If you don't see it immediately, consider that the other person might not care what the PC is saying at the moment ~for some unlucky reason of their own... Perhaps they have a toothache and don't want to be bothered (convincing or not). This can be indicated by an unfortunate high roll, that means the situation did not go as they would have hoped. (It doesn't matter the reason, the roll indicates that the effort was unsuccessful.)
A valid failure at opening a lock is as simple as dropping one's keys; then they try again. This cannot happen with a threshold skill system.
In Fallout, the PC's skill was their measure of ability and confidence at the task. They could fail, but if they were really good at it, this was rare. Fallout also allowed that a failure could be final; locks could jam, NPCs could become set in their opinions. FO3 lost all of this from the series, by using simple thresholds.
You're not locked out of opening that door if you drop your keys though.
In the case of speech failure, it's gone. No attempt at trying to say something else to try and gain that back its just erased from the world like it never happened.
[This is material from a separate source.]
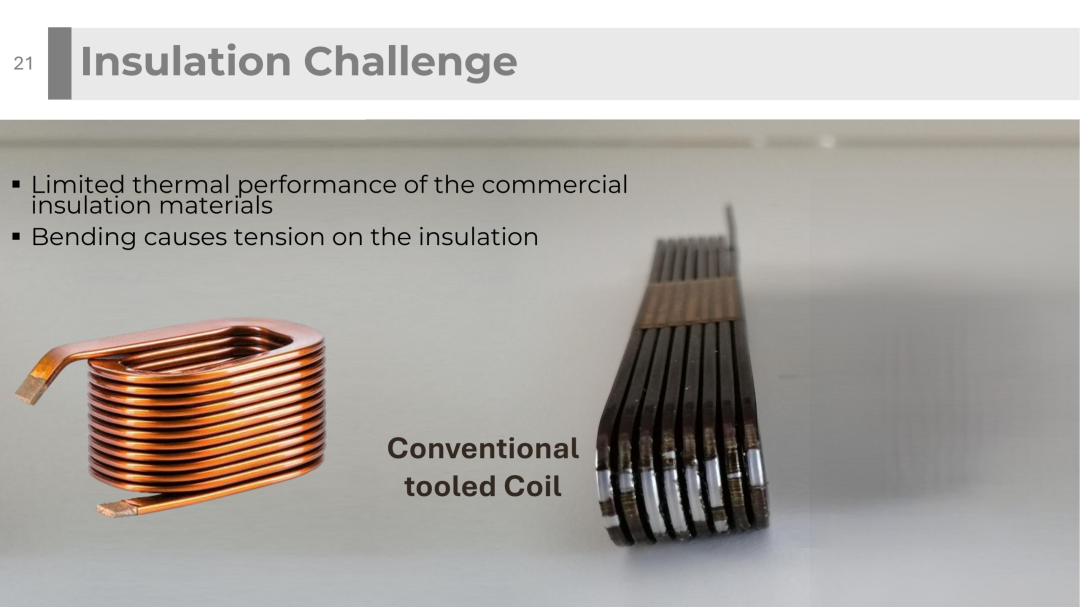 电气绝缘是电机安全、稳定运行的基础,而传统工装线圈的绝缘工艺存在两大核心痛点:一是商用绝缘材料的热性能有限,无法适配高频高温电机的应用场景;二是线圈折弯、工装等二次加工会让绝缘层产生张力,极易导致绝缘层破损,影响电机的绝缘性能。

Surely a charismatic individual could still come up with ways to try and negotiate certain terms when their initial attempt from one perspective fails.
I don't like chance-based outcomes in RPGs, particularly in single-player RPGs where it just encourages save scumming. It works in tabletop RPGs because they're designed to be abstracted, and you're encouraged to explain why you failed when you should have succeeded, and so on; a video game can't possibly account for every possible player action/failure in the same way a good GM can.
I'm fine with a threshold system, especially if it just uses Charisma for a metric, but I'd naturally like it to be a bit flexible. Lots of modifiers, based on any buffs/debuffs you have or the NPCs' disposition rank with you, or just a good old fashioned persuasion perk.
I wonder how the Charisma perks will work out. We've got a few perks for barter, the Lady Killer and Animal Friend perks, and perks to do with companions - if they still balanced companions so that you could only have one humanoid companion, a Magnetic Personality perk would actually be really helpful. Or, more ridiculously, a perk that gives all of your companions the same perks you have.
Things don't/haven't branched out that far with any recent title though.
Hopefully chance. I like the randomness over the sure thing. Especially on 50/50 type situations.
In the leaked document the Preston Garvey mission went a lot differently. Instead of going outside he found a power source inside the building. So he essentially bypassed all the combat with intelligence. That's how I think it will work. Every time you get into a conversation you will likely have options available to you based on SPECIAL checks and perks.